13746,President_of_the_United_States United_States_President President Chief_Executive,the person who holds the office .....

The synset municipality has two paths to region.

municipality -> administrative_district -> district -> region
municipality -> populated_area -> geographic_area -> region

The synsets individual and edible_fruit have several different paths to their common ancestor physical_entity.

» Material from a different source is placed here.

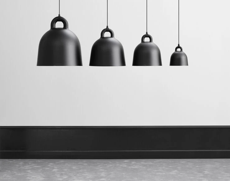 Bell er en loftlampe i en ikonisk klokkeform, hvor der er kræset for de få, men enklte detaljer.Bell har en jævn, rund overflade, der giver lampen et støbt udtryk. Bell giver et godt lys med den hvide inderside.
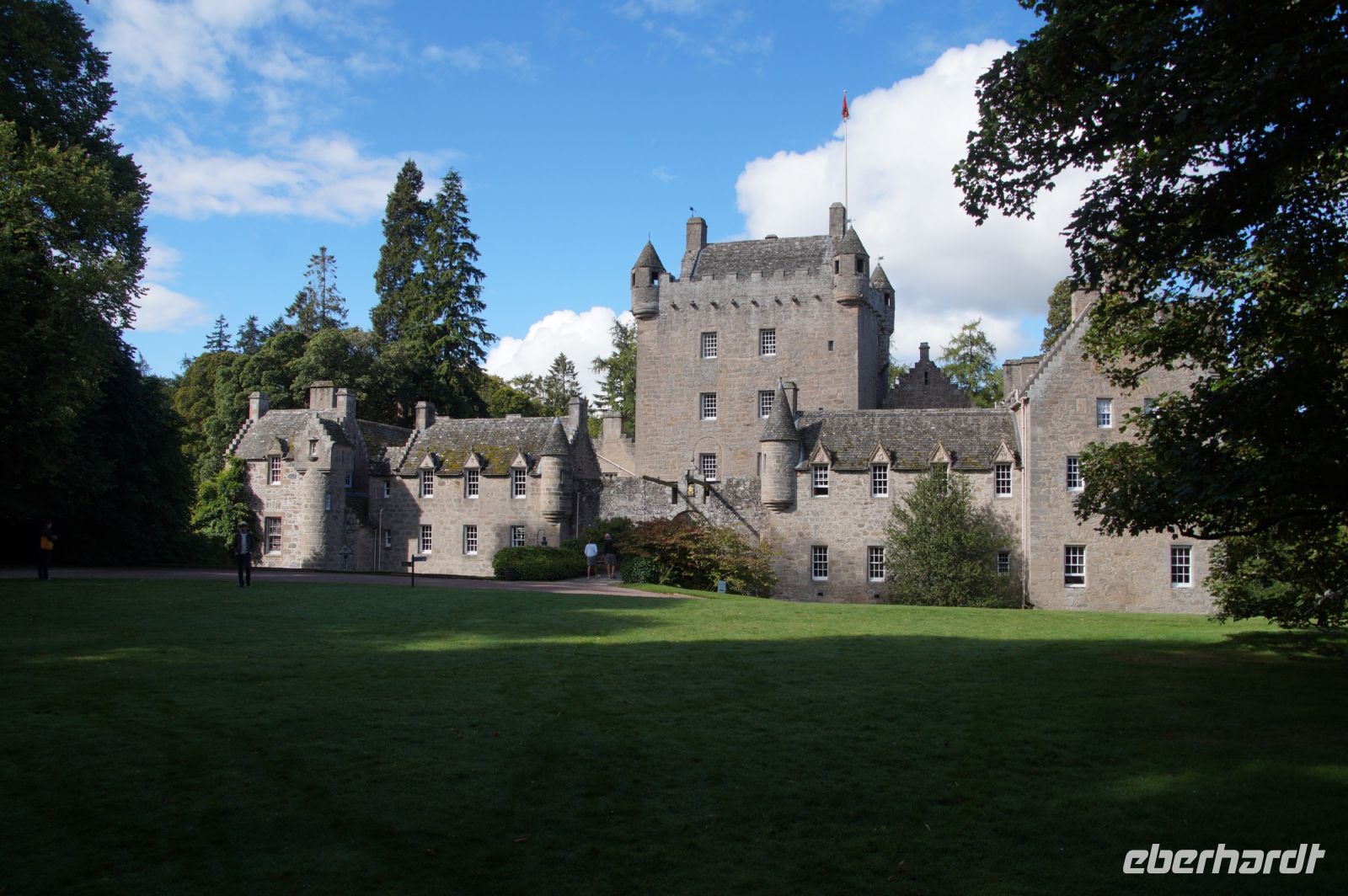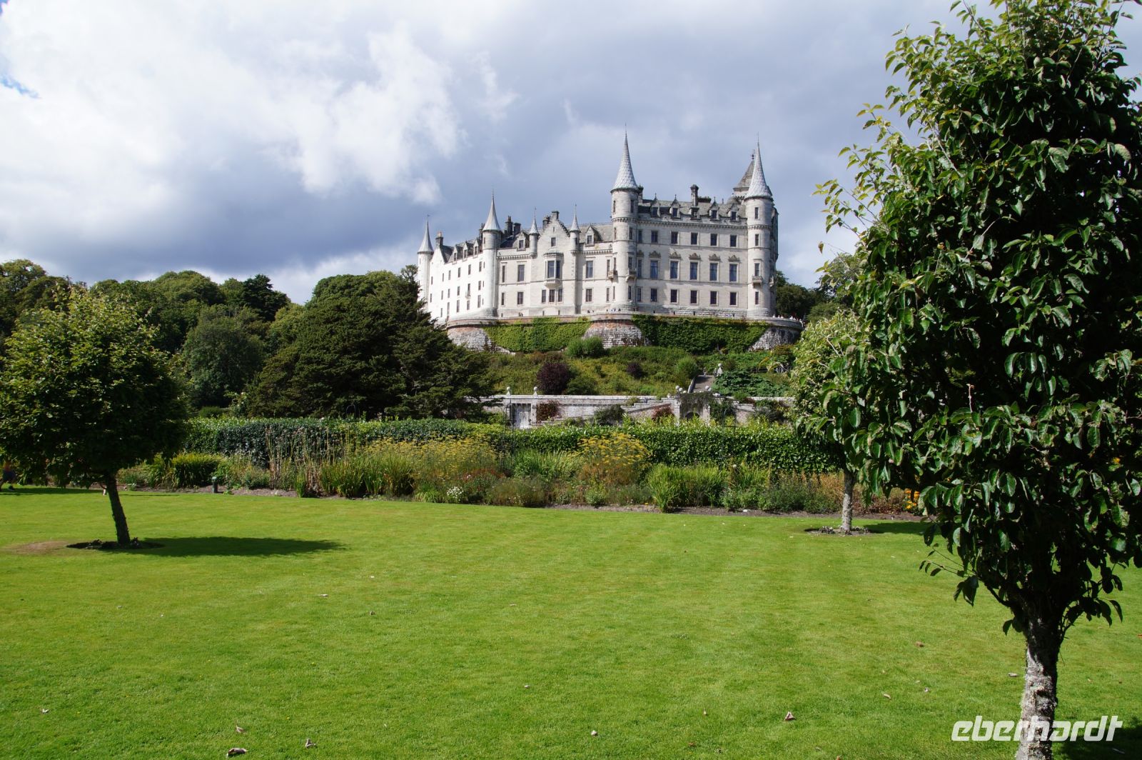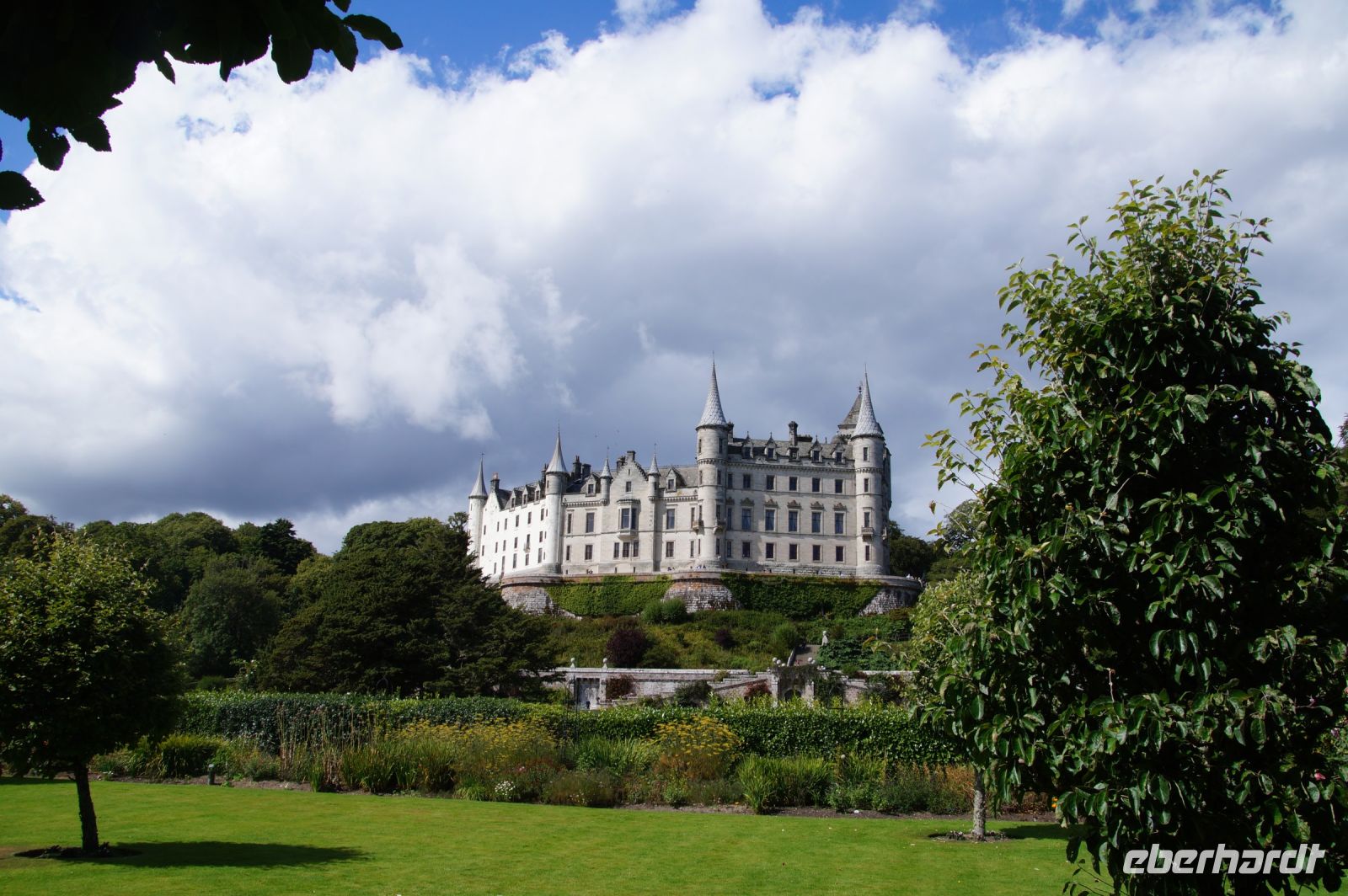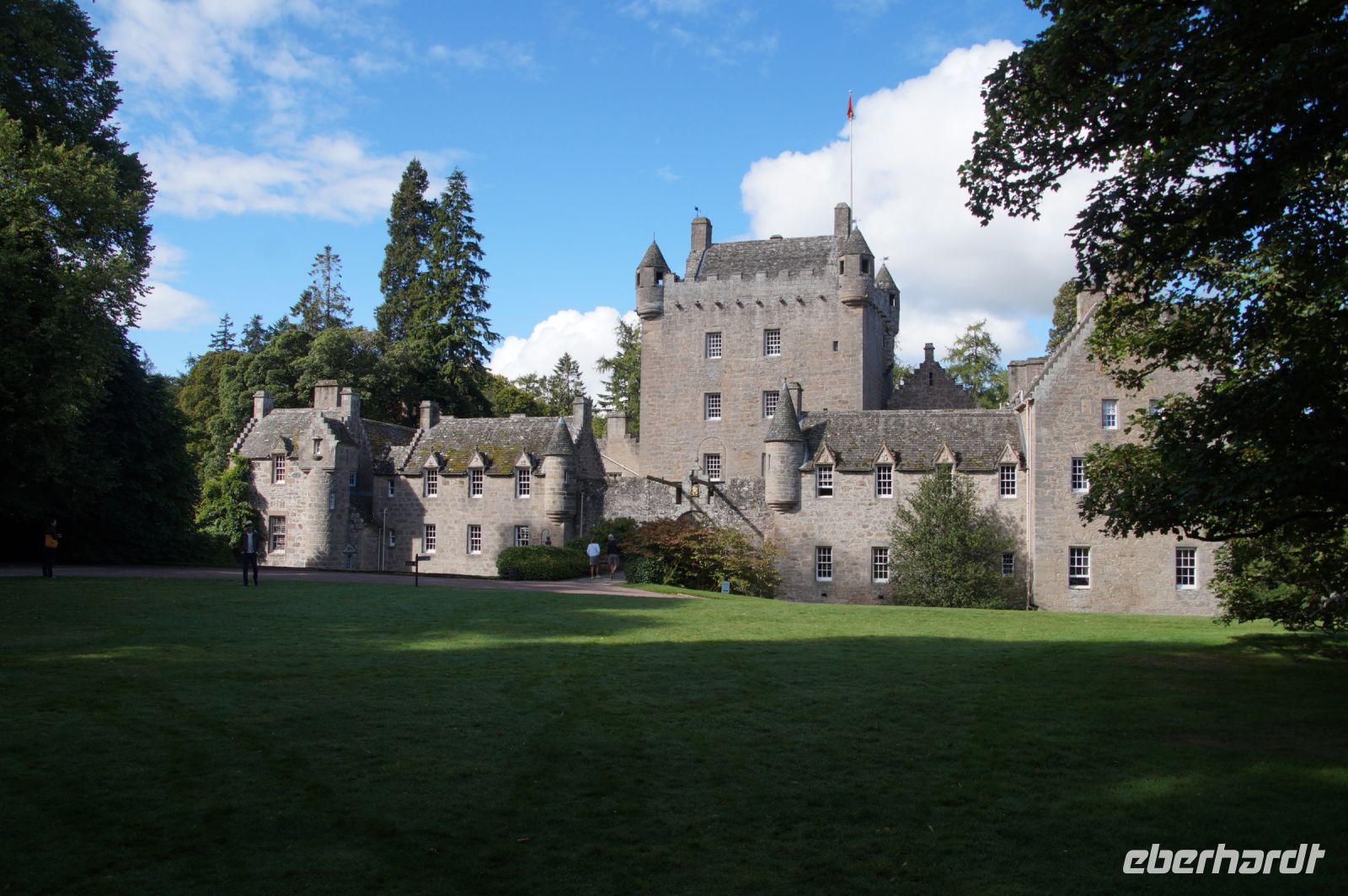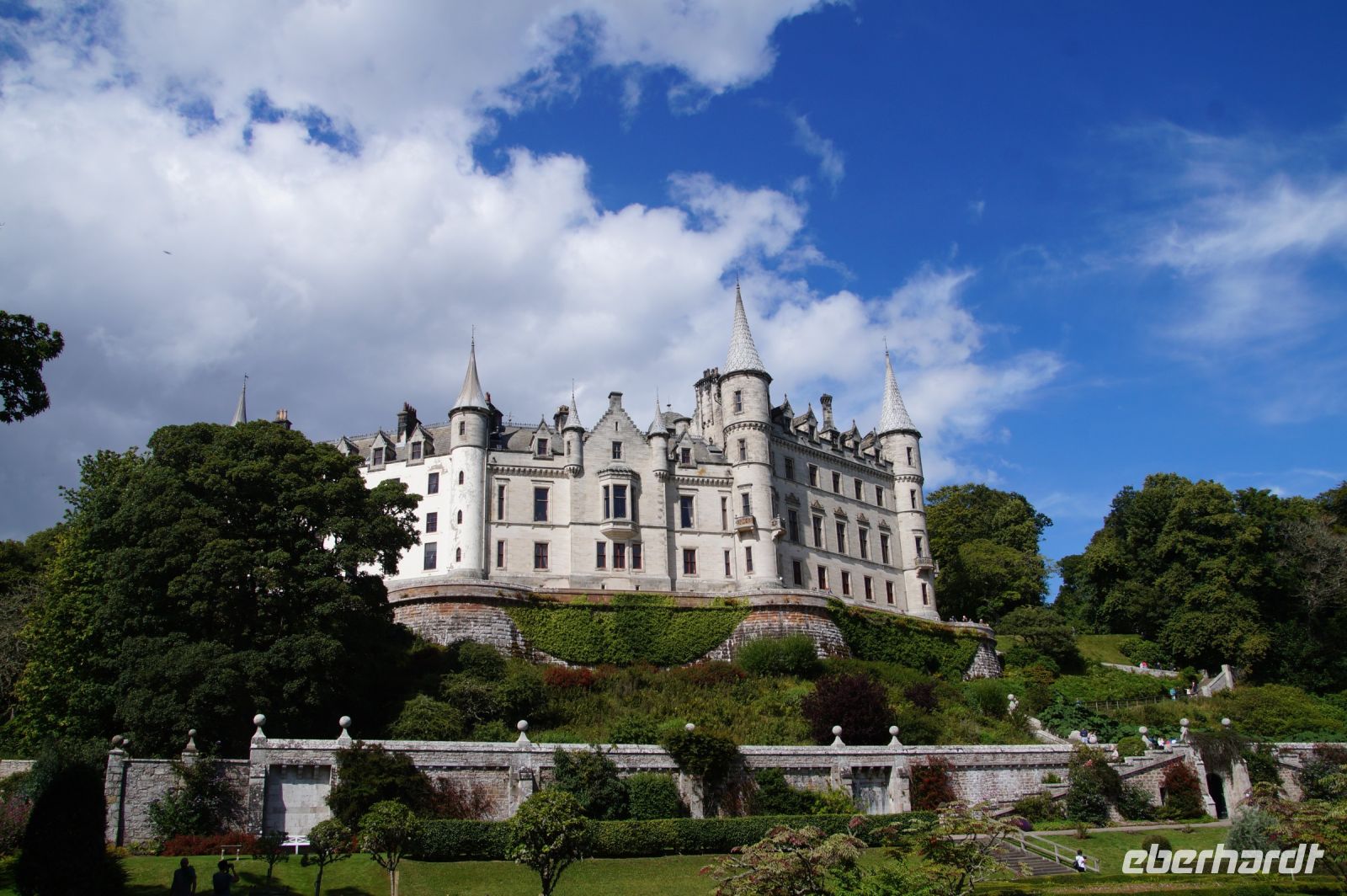 Später dann waren wir in Dunrobin Castle, dem größten Wohnhaus der Highlands mit 288 Zimmern (nur einen Bruchteil davon kann man als Besucher besichtigten). Das Schloss mit seinen Gartenanlagen ist rund um einen Wohnturm aus dem Mittelalter erichtet, von dem man noch Mauerreste im Innenhof des Schlosses sehen kann, die Parkanlage endet am Meer.

individual -> organism being -> living_thing animate_thing -> whole unit -> object physical_object -> physical_entity
person individual someone somebody mortal soul -> causal_agent cause causal_agency -> physical_entity
edible_fruit -> garden_truck -> food solid_food -> solid -> matter -> physical_entity
edible_fruit -> fruit -> reproductive_structure -> plant_organ -> plant_part -> natural_object -> unit -> object -> physical_entity

The following pairs of nouns are very far apart:

(distance = 23) white_marlin, mileage
(distance = 33) Black_Plague, black_marlin
(distance = 27) American_water_spaniel, histology
(distance = 29) Brown_Swiss, barrel_roll

The following synset has many paths to entity.
```
Ambrose Saint_Ambrose St._Ambrose
```
Also, we encourage you to use the small collection of sample files in the ftp directory.

Possible progress steps

Download the directory wordnet. It contains input files for ShortestCommonAncestor, WordNet, and Outcast.
Create the data type ShortestCommonAncestor. First, think carefully about designing a correct and efficient algorithm for computing the shortest common ancestor. Consult a staff member if you're unsure. In addition to the digraph*.txt files, design small rooted DAGs to test and debug your code. Modularize by sharing common code. Hint: do not attempt the additional performance requirements until you have working code using BreadthFirstDirectedPaths. This step will involve reimplementing breadth-first search.
Add code to ShortestCommonAncestor to detect whether a digraph is a rooted DAG. As defined in the assignment, a digraph is a rooted DAG if it is acyclic and has one vertex—the root—that is an ancestor of every other vertex.
Read in and parse the files described in the assignment, synsets.txt and hypernyms.txt. Don't worry about storing the data in any data structures yet. Test that you are parsing the input correctly before proceeding.
Create a data type WordNet. Divide the constructor into two (or more) subtasks (private methods).
- Read in the synsets file and build appropriate data structures. The file synsets.txt contains 82,192 synsets, composed from 119,188 nouns. Do not hardwire either of these numbers; your program must work for any valid synset file. Record the number of synsets for use when constructing the underlying digraph from the hypernyms file.
- Read in the hypernyms file and build a Digraph. The file hypernyms.txt corresponds to a rooted DAG with 82,192 vertices and 84,505 edges. Do not hardwire either of these numbers; your program must work for any valid hypernym file.
Implement the remaining WordNet methods.
Implement Outcast. This should be relatively straightforward by calling the appropriate methods from the WordNet data type.

A video is provided for those wishing additional assistance. Be forewarned that the video was made in early 2014 and is somewhat out of date. For example the API has changed.

Enrichment

This applet connects words by a chain of WordNet synonyms.
This paper measures the semantic orientation of WordNet adjectives by computing their relative distance to "good" and "bad."